# Assignment
Without the images, write out the whole listing exactly.

# Information supplied
----
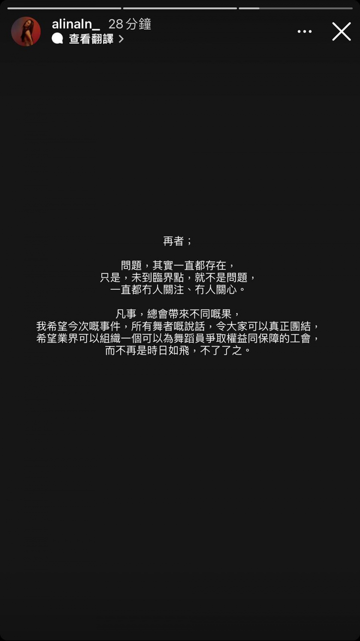 MIRROR成員Stanley(邱士縉)女友李炘頤(Alina)亦呼籲大家正視事件:「我希望今次嘅事件,所有舞者嘅說話,令大家可以真正團結,希望業界可以組織一個可以為舞蹈員爭取權益同保障的工會,而不再是時日如飛,不了了之。」
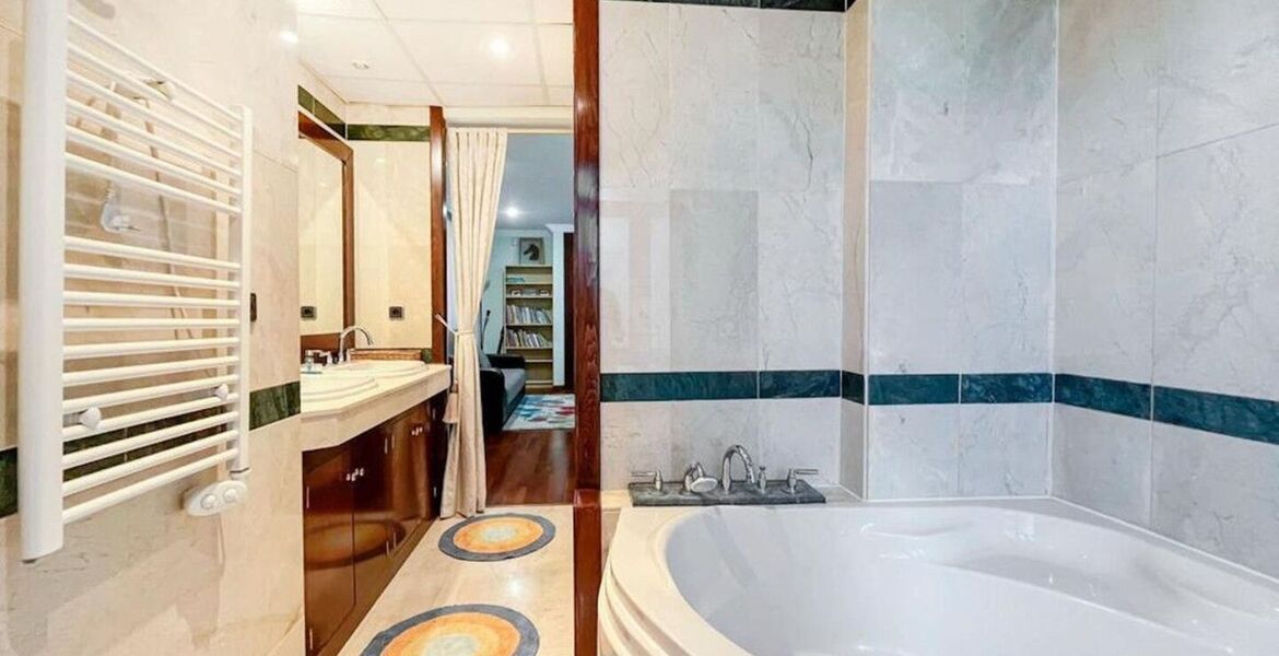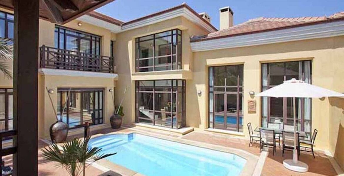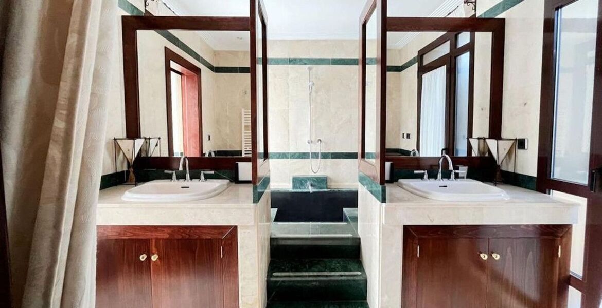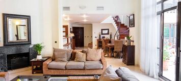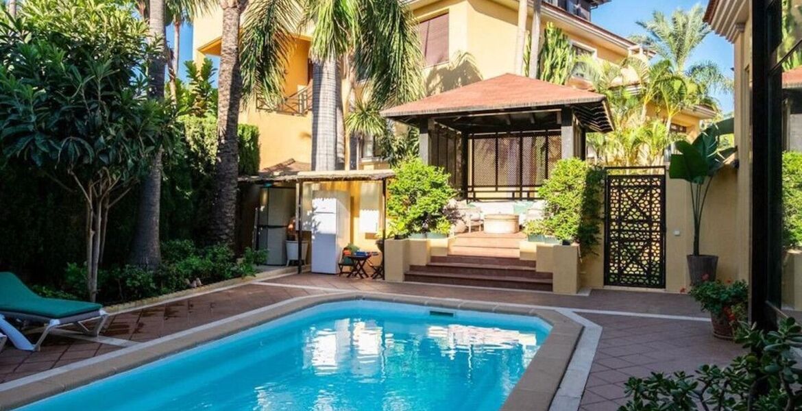 Bungalow for rent in the exclusive development Bahia de Banus one of the most outstanding luxury complexes in Marbella beach side in Puerto Banus, intimate, with a distinctive Asian influence in both its architecture and exotic gardens, fantastic location next to famous Mistral Beach, just 2 mins walk. This property has a built of 340m2, an utility area of 294m2, 3 bedrooms and 3 bathrooms, living room with fire place, fully furnished kitchen with dinning area, private garden with glove, swimming pool and garage for two cars.
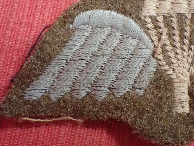 Woollen sleeve patch with stitched detail, 85 mm across. Traces of paper to the back from having been in an album.
----
# Task output
 MIRROR成員Stanley(邱士縉)女友李炘頤(Alina)亦呼籲大家正視事件:「我希望今次嘅事件,所有舞者嘅說話,令大家可以真正團結,希望業界可以組織一個可以為舞蹈員爭取權益同保障的工會,而不再是時日如飛,不了了之。」
 Bungalow for rent in the exclusive development Bahia de Banus one of the most outstanding luxury complexes in Marbella beach side in Puerto Banus, intimate, with a distinctive Asian influence in both its architecture and exotic gardens, fantastic location next to famous Mistral Beach, just 2 mins walk. This property has a built of 340m2, an utility area of 294m2, 3 bedrooms and 3 bathrooms, living room with fire place, fully furnished kitchen with dinning area, private garden with glove, swimming pool and garage for two cars.
 Woollen sleeve patch with stitched detail, 85 mm across. Traces of paper to the back from having been in an album.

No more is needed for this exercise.